I think this position is called moral relativism or something.


Yes. If you are supposing that morality is extrapolated from one's experience (i.e exposure to parents, culture, church, blah blah) then you are supposing everyone's "relative" morality to be true for them. This is problematic because it then would follow that everyone's own moral code is correct because there is no objective measure to deride one as "wrong"... of course this is logically impossible since essentially EVERYONE will disagree with EVERYONE ELSE on some point or another. A position can not be both right and wrong (right for them, wrong for you) at the same time. The argument falls apart on itself. If say, Parent X agrees with A and Parent Y agrees with B, the antithesis of A; and you follow B, are you not rejecting A as wrong? This is no longer moral relativism if you hold that A can be wrong (even if its just for you).
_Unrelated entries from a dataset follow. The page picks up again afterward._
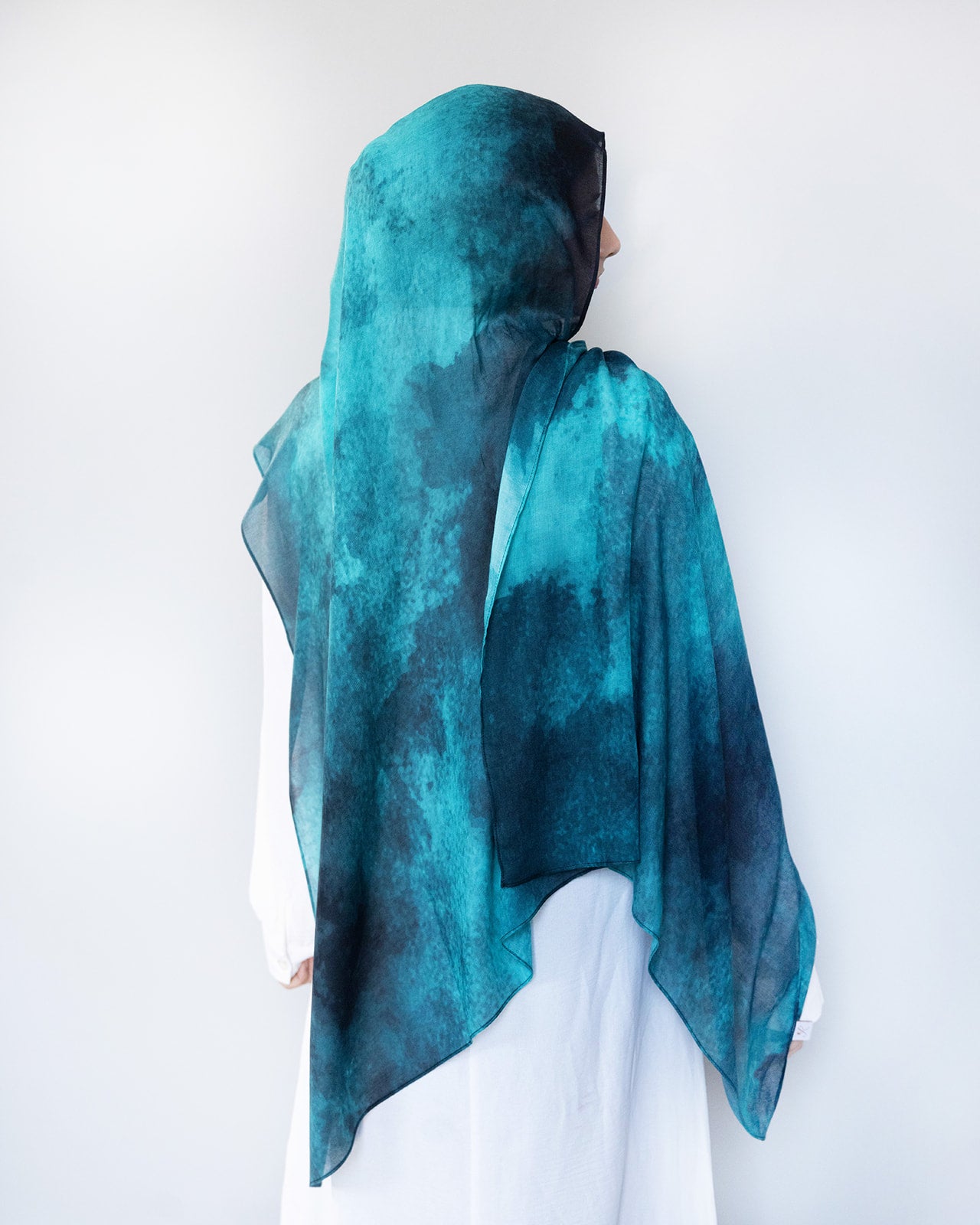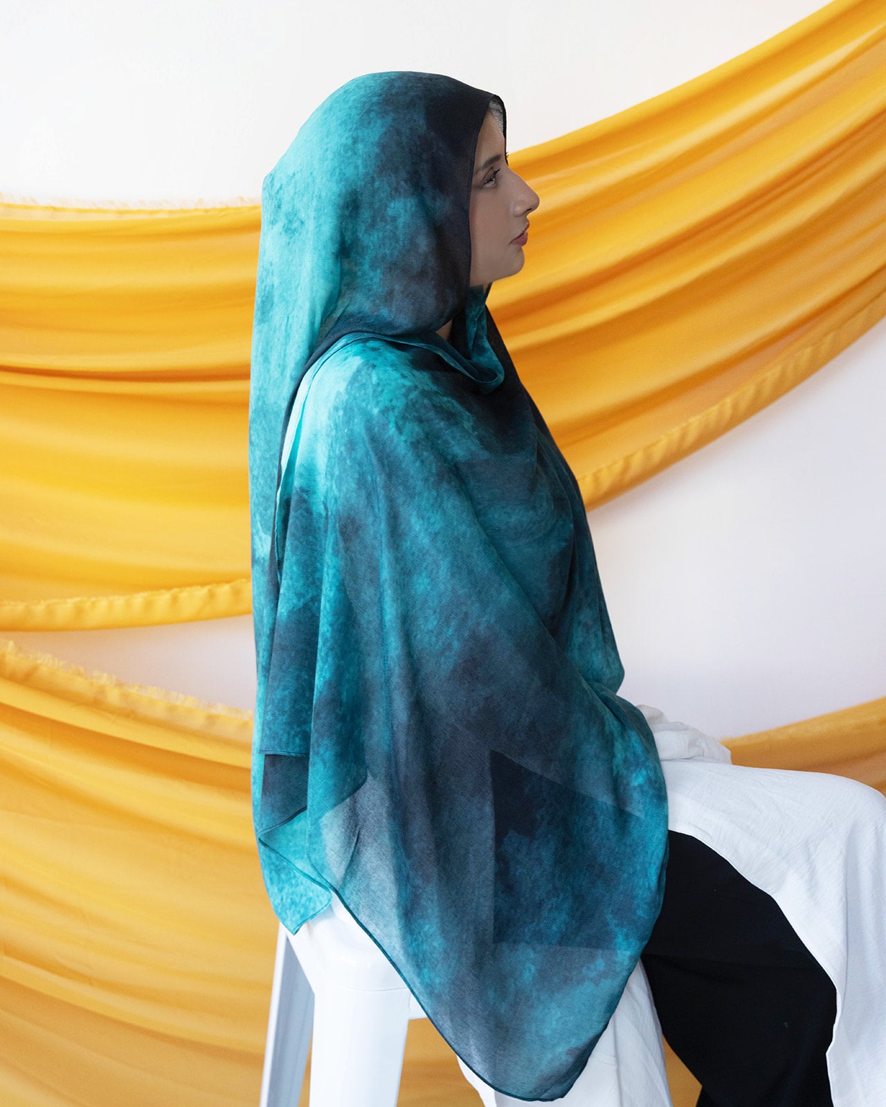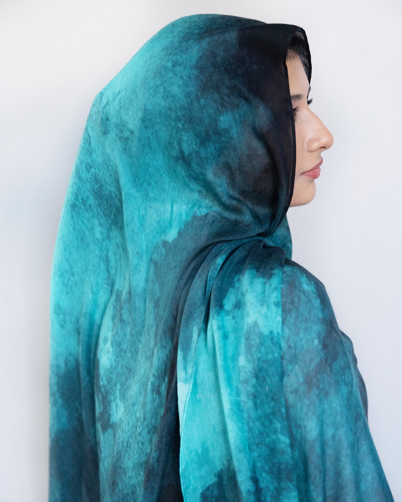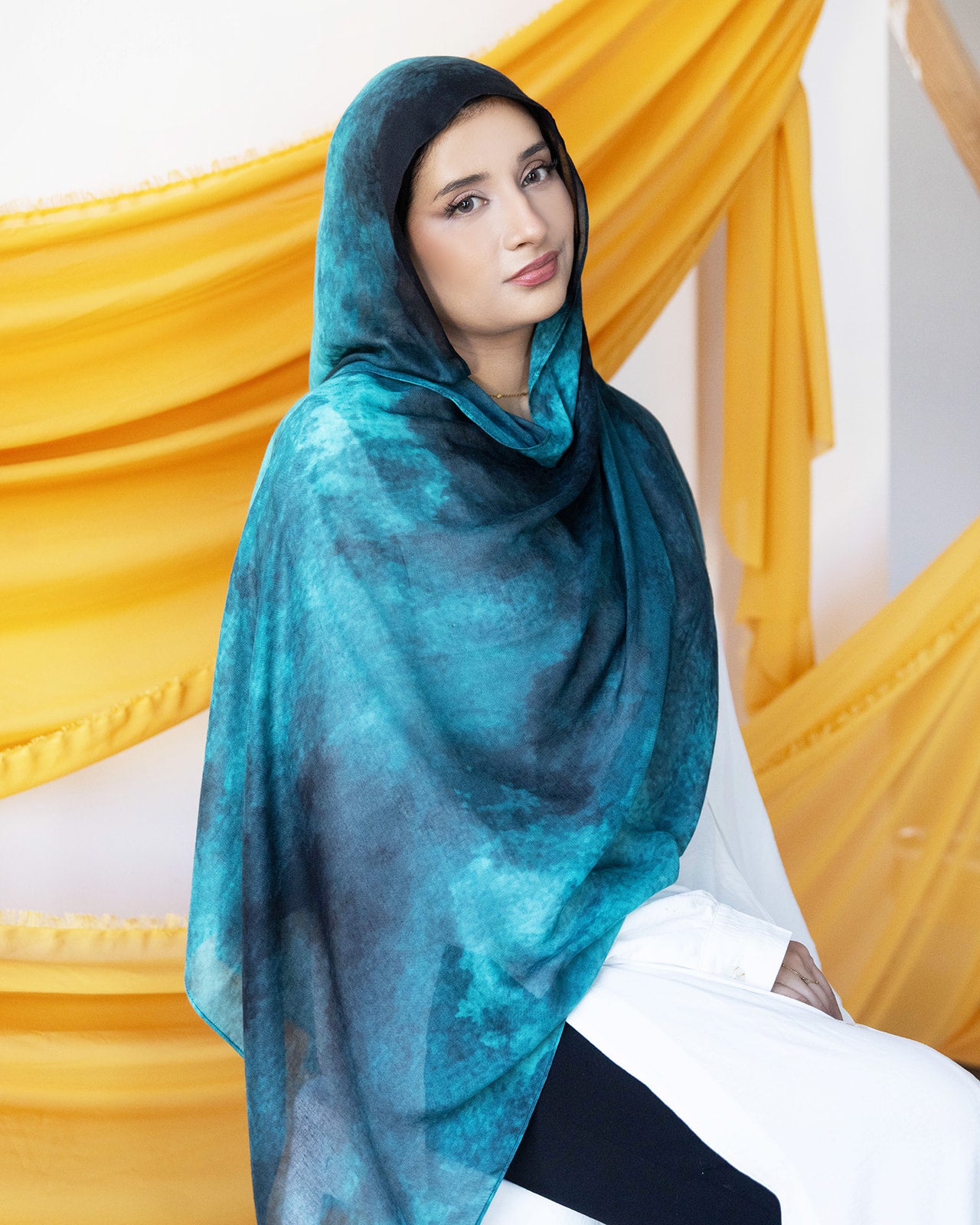 Midnight Lagoon is elegance with depth and allure. Crafted from ultra-soft modal fabric, it drapes effortlessly while staying breathable and comfortable. With its striking blend of teal-green and deep black tones, this hijab reflects the mystery of moonlit waters, perfect for evenings, gatherings, and elevated everyday wear.
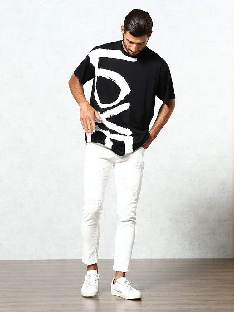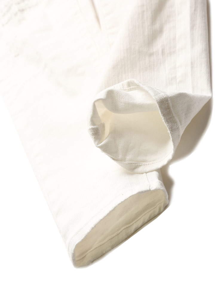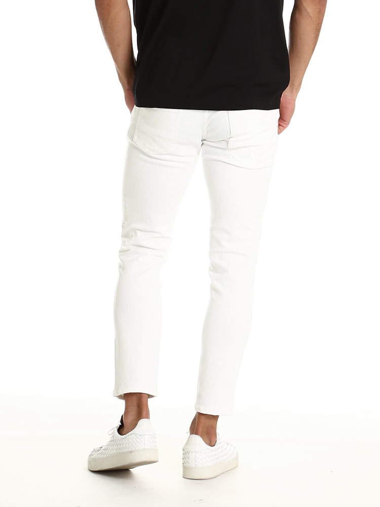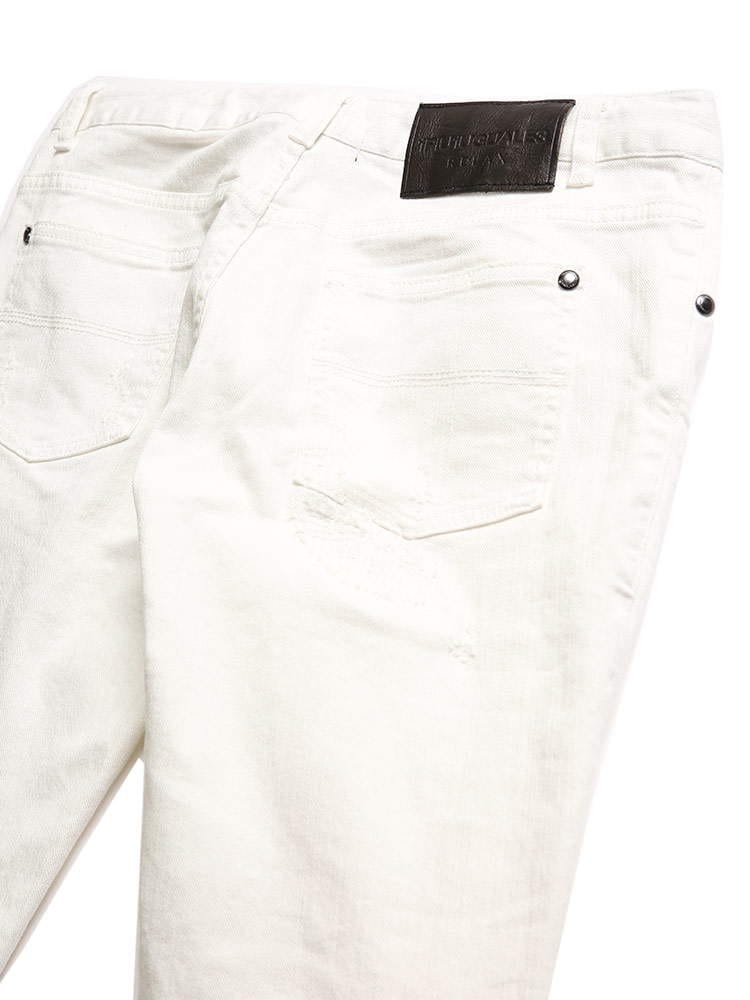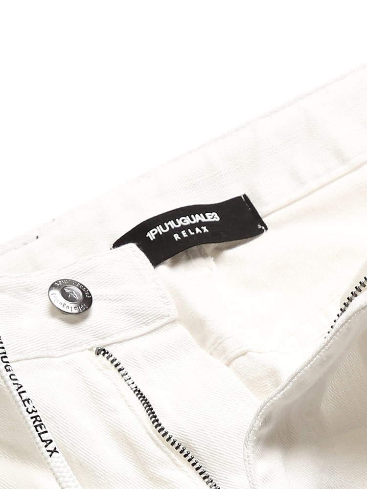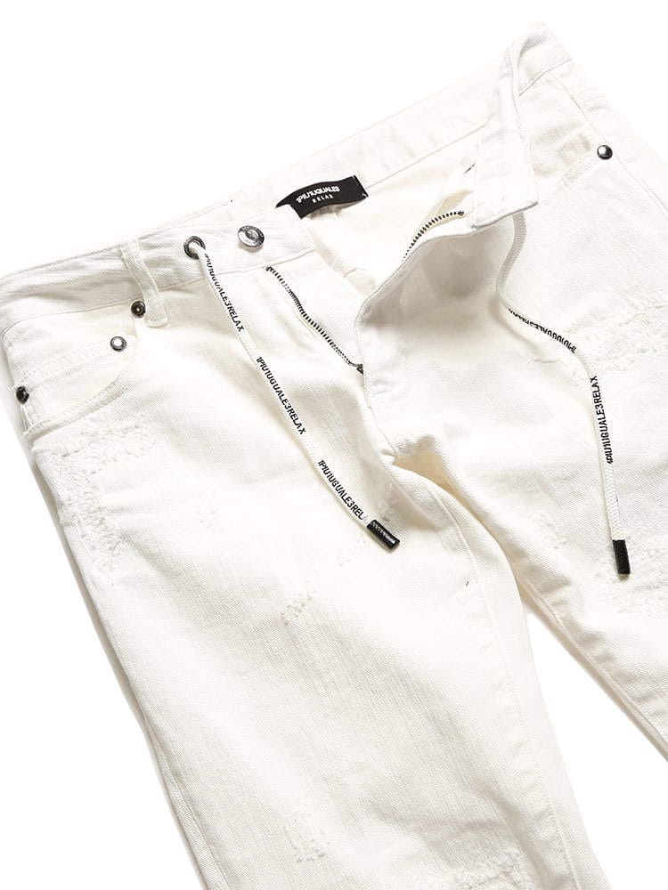 ダメージ加工を施したジップフライ ホワイト ジーンズ JOG。ウエストはドローコード付き。バックウエスト右にブランドパッチ。
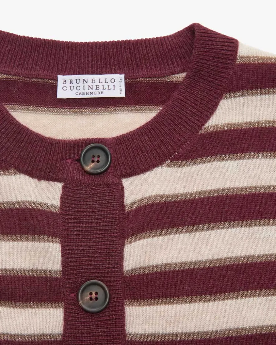 Cashmere-Strickjacke für Damen von Brunello Cucinelli in Bordeaux, Beige undGold. Das Modell präsentiert sich mit klassischem Streifenmuster in Wine- undBeige-Nuancen, während die eingearbeiteten Glitzerfasern in changierender Optikeinen modischen Look kreieren. Die leichte und weiche Cashmere-Verarbeitungsorgt für angenehme Tragemomente und rundet den Style harmonisch ab.

If you are supposing morality to be synthesized by the individual from "experience" by way of influence... why did you not simply adopt ALL of their moral inclinations? Firstly, it is impossible as I have explained in the first paragraph. Secondly by the act of choosing some and rejecting others, you have acknowledged moral intuition (your rationale for favoring one over another).


Originally Posted by lightyear
So here we go, if you consider 'the greater good' or 'the right thing' to exist please explain how you rationalize this belief.

Just because people disagree on the nature of morality or do not arrive at an universal code does not follow that it cannot exist.